May 8, 2024 at 11:07AM
Researchers discovered two new attack methods targeting high-performance Intel CPUs, collectively called Pathfinder. These attacks exploit the branch predictor to manipulate program control flow and execute Spectre-style attacks, potentially exposing confidential data, including AES encryption keys and secret images. Intel stated that existing mitigations for Spectre v1 help protect against these attacks.
Key takeaways from the meeting notes:
– Researchers have discovered new attack methods targeting high-performance Intel CPUs that can be used to stage a key recovery attack against the Advanced Encryption Standard (AES) algorithm.
– These techniques have been collectively dubbed Pathfinder by a group of academics from multiple institutions, including the University of California San Diego, Purdue University, UNC Chapel Hill, Georgia Institute of Technology, and Google.
– The attacks dubbed Pathfinder allow attackers to read and manipulate key components of the branch predictor, enabling reconstructing program control flow history and launching high-resolution Spectre attacks.
– Specifically, the attack method targets a feature in the branch predictor called the Path History Register (PHR) to induce branch mispredictions and cause a victim program to execute unintended code paths, thereby inadvertently exposing its confidential data.
– Pathfinder introduces new primitives that make it possible to manipulate PHR and the prediction history tables (PHTs) within the conditional branch predictor (CBR) to leak historical execution data and ultimately trigger a Spectre-style exploit.

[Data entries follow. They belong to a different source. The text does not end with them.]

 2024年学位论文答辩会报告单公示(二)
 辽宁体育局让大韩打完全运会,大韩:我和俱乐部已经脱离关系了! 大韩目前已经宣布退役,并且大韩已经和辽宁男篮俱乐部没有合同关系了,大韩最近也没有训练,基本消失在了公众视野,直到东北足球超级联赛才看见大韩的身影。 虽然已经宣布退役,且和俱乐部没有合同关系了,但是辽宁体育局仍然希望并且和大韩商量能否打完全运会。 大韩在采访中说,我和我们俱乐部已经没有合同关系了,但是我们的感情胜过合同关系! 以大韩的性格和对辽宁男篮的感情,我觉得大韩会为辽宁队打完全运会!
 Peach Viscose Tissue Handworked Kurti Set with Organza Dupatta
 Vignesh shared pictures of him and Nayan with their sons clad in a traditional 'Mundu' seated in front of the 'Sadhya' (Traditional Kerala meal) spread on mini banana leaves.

– Demonstrations outlined in the study have shown the method to be effective in extracting the secret AES encryption key and leaking secret images during processing by the widely-used libjpeg image library.

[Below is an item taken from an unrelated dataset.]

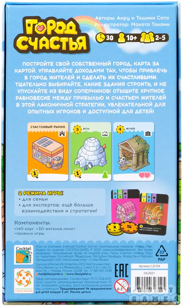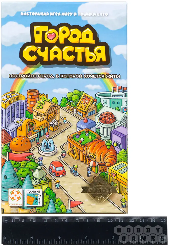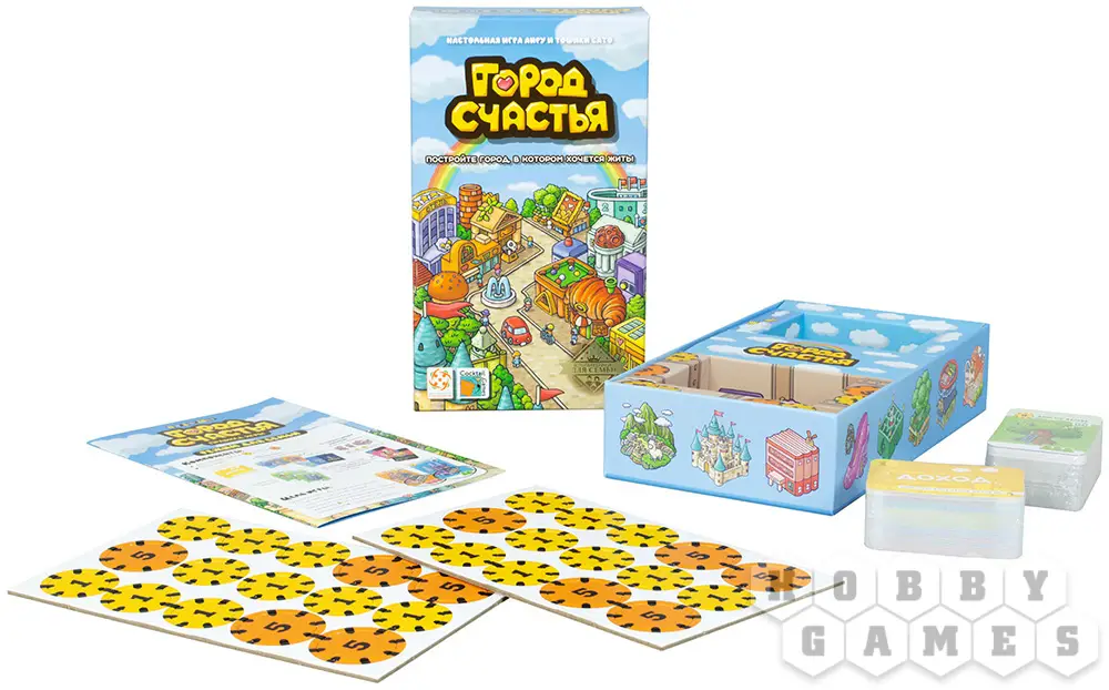 "Город счастья" – это компактная карточная игра, в которой игрокам предстоит посоревноваться в создании самого уютного города в мире. Эта несложная экономическая стратегия отлично подойдёт как для вечера в кругу семьи, так и для напряженного противостояния, благодаря разным режимам. Стройте здания, получайте доход и пусть ваш город счастья принесёт своим жителям много радости!
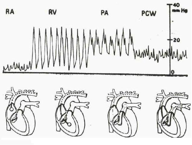 As maiores variaçoes de pressão acontecem, por exemplo, no ventriculo, e assim que as ondas de pressão vão aumentar visivelmente qundo o cateter vai chegar la. Quando vai subir na arteria pulmonar começa a diminuir a amplitude das contrações e assim para frente.

– Intel has released an advisory stating that Pathfinder builds on Spectre v1 attacks and that previously deployed mitigations for Spectre v1 and traditional side-channels mitigate the reported exploits. There is no evidence that it impacts AMD CPUs.
– The researchers emphasize that the PHR is vulnerable to leakage, reveals data unavailable through the PHTs, exposes a far greater set of branching code as potential attack surfaces, and cannot be mitigated using techniques proposed for the PHTs.
These are the key points from the meeting notes. Let me know if you need further details or action points.